Hi, I experimented the training phase. When dataloader loads a data for training, I put the data to the model as eval mode first with torch.no_grad() to get some data. And then I put the same data to the model for real training. But the training speed is quite different. When I don’t put the data to the model for imformation, only putting the data for training, it trains properly. But When I put the trick, the model doesn’t train well as if some gradient issue happened… What is the problem?
main code
for data in dataloader:
for i in range(len(model)):
data[i][0] = data[i][0].to(device, non_blocking=True)
data[i][1] = data[i][1].to(device, non_blocking=True)
with torch.cuda.amp.autocast():
for i in range(len(model)):
attention_rollout=VITAttentionRollout(model[i], head_fusion='max', discard_ratio=0.9)
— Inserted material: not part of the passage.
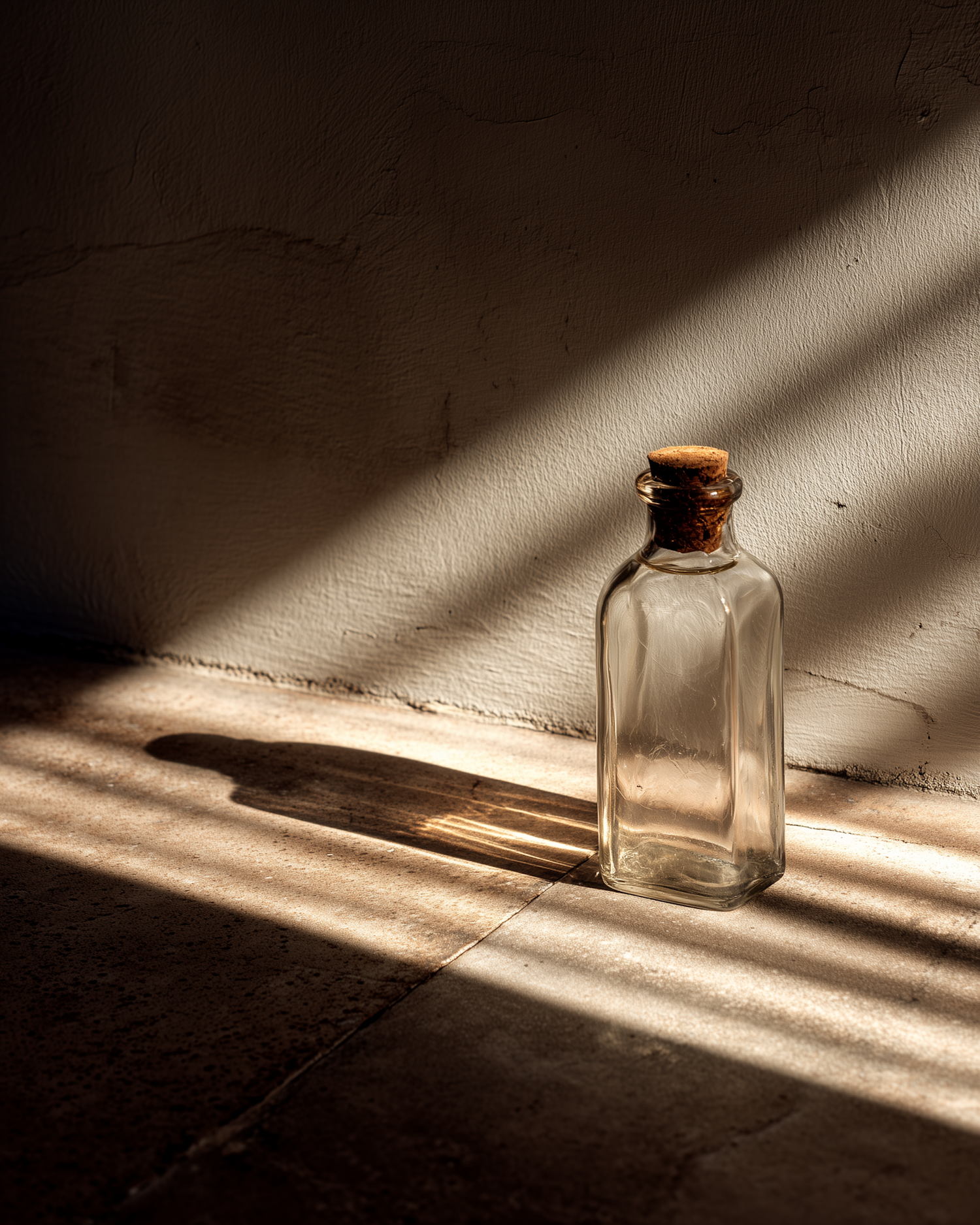 A glass bottle with a cork stopper sits in warm sunlight, casting intricate shadows on a textured surface, creating a serene composition.

mask.append(attention_rollout(data[i][0]))
del attention_rollout
for i in range(len(model)):
model[i].train(mode=set_training_mode)
output = model(data[i][0])
VITattentionRollout Code
class VITAttentionRollout:
def __init__(self, model, attention_layer_name='attn_drop', head_fusion="mean",
discard_ratio=0.9):
self.model = model
self.head_fusion = head_fusion
self.discard_ratio = discard_ratio
self.attentions = []
self.handles=[]
self.attention_layer_name=attention_layer_name
def __call__(self, input_tensor):
self.attentions = []
self.model.eval()
with torch.no_grad():
output = self.model(input_tensor)